An anonymous reader writes: A team of security researchers has revealed a new encryption vulnerability called 'Logjam,' which is the result of a flaw in the TLS protocol used to create encrypted connections. It affects servers supporting the Diffie-Hellman key exchange, and it's caused by export restrictions mandated by the U.S. government during the Clinton administration. "Attackers with the ability to monitor the connection between an end user and a Diffie-Hellman-enabled server that supports the export cipher can inject a special payload into the traffic that downgrades encrypted connections to use extremely weak 512-bit key material. Using precomputed data prepared ahead of time, the attackers can then deduce the encryption key negotiated between the two parties."

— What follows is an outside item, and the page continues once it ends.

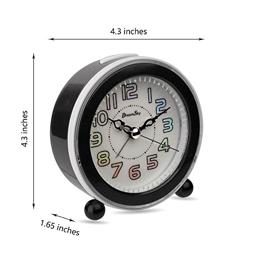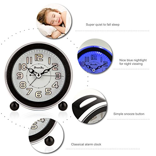 DreamSky Battery Analog Alarm Clock With Snooze And Loud Music Alarms ,Backlight ,Non-Ticking ,Battery Operated.Simple Bedside Alarm Clock For Kids

Internet Explorer is the only browser yet updated to block such an attack — patches for Chrome, Firefox, and Safari are expected soon. The researchers add, "Breaking the single, most common 1024-bit prime used by web servers would allow passive eavesdropping on connections to 18% of the Top 1 Million HTTPS domains. A second prime would allow passive decryption of connections to 66% of VPN servers and 26% of SSH servers. A close reading of published NSA leaks shows that the agency's attacks on VPNs are consistent with having achieved such a break." Here is their full technical report (PDF).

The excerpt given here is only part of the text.